----- Source material
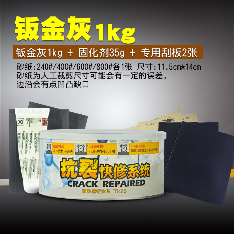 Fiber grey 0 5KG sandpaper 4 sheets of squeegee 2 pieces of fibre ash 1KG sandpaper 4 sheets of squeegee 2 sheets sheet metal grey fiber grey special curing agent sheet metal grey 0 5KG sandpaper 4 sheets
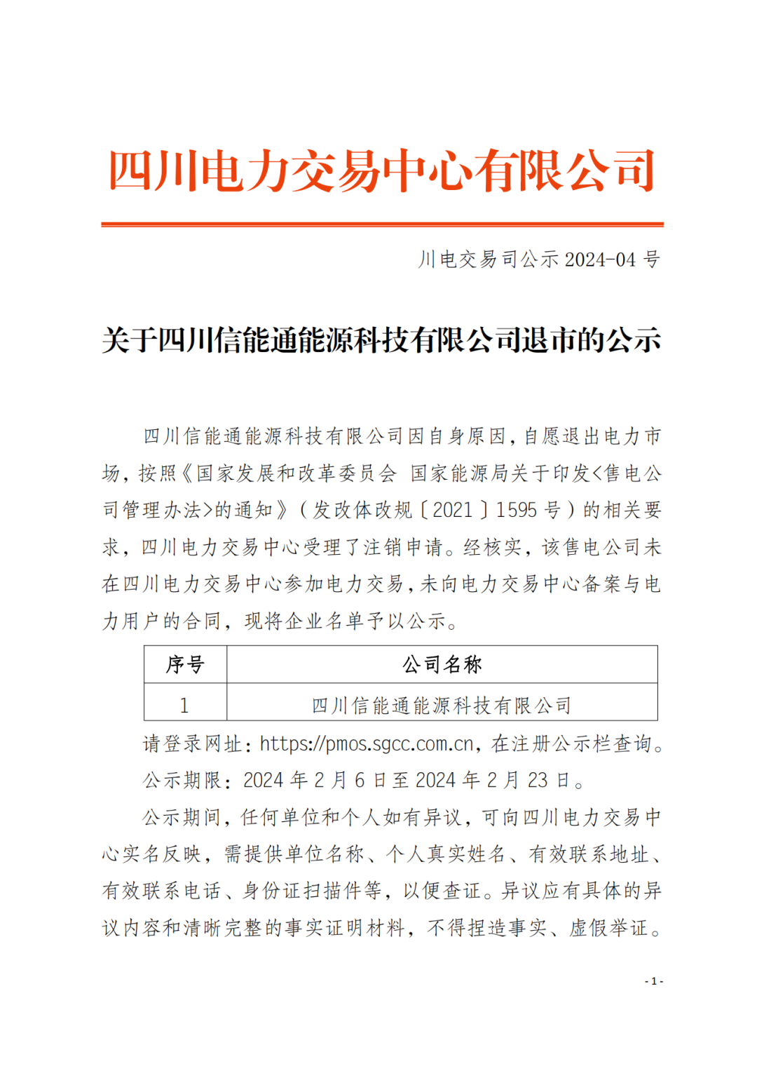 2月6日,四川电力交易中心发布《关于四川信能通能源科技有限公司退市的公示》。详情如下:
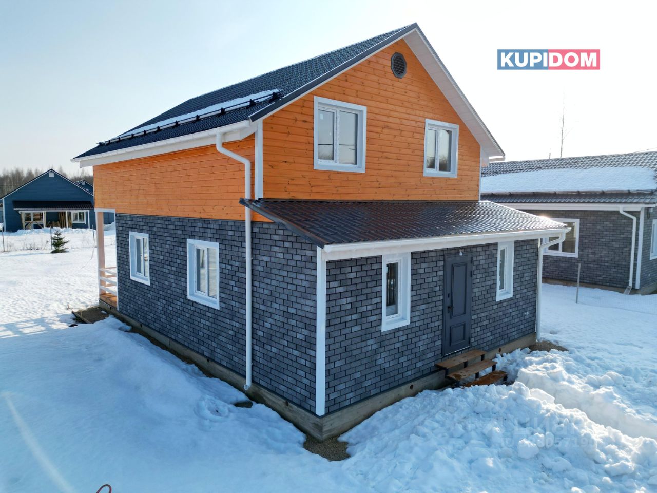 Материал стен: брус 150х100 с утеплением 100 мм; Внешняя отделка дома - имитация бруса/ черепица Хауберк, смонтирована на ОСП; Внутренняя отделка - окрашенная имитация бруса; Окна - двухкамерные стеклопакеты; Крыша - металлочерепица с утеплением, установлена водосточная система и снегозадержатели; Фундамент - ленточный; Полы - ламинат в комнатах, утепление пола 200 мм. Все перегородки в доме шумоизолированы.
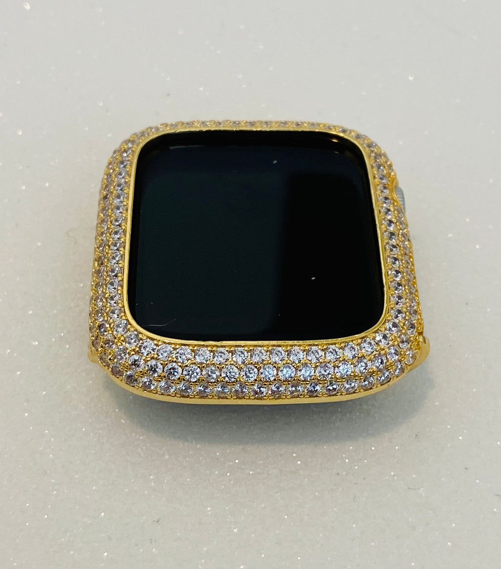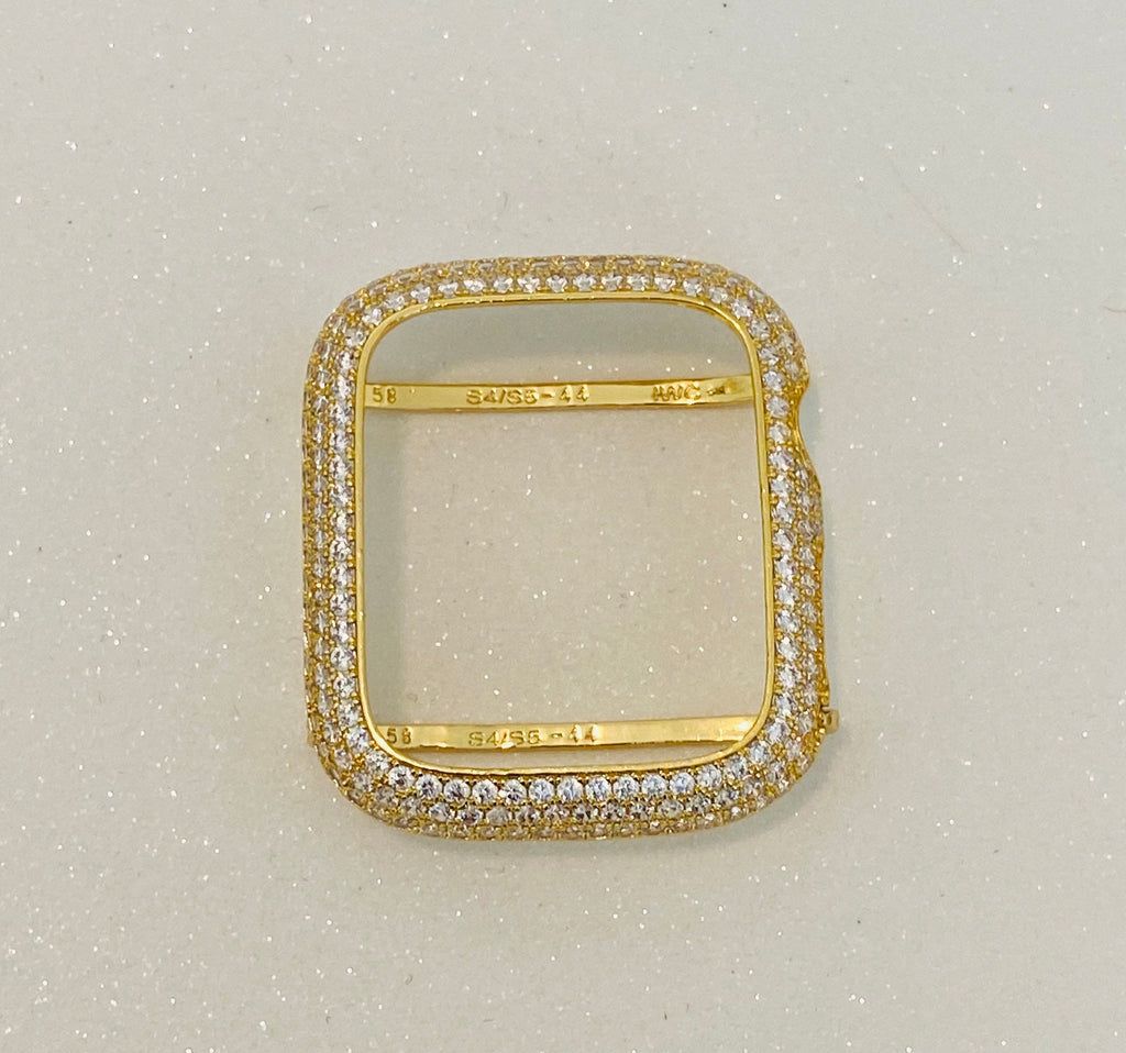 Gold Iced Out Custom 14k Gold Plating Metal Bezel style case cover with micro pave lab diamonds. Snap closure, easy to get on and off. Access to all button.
----------
* [Brief] From the line holding "Материал стен: брус" to the last line of the listing, please output each line exactly as it stands. Pictures stay out of the copy.

* [Task answer]
 Материал стен: брус 150х100 с утеплением 100 мм; Внешняя отделка дома - имитация бруса/ черепица Хауберк, смонтирована на ОСП; Внутренняя отделка - окрашенная имитация бруса; Окна - двухкамерные стеклопакеты; Крыша - металлочерепица с утеплением, установлена водосточная система и снегозадержатели; Фундамент - ленточный; Полы - ламинат в комнатах, утепление пола 200 мм. Все перегородки в доме шумоизолированы.
 Gold Iced Out Custom 14k Gold Plating Metal Bezel style case cover with micro pave lab diamonds. Snap closure, easy to get on and off. Access to all button.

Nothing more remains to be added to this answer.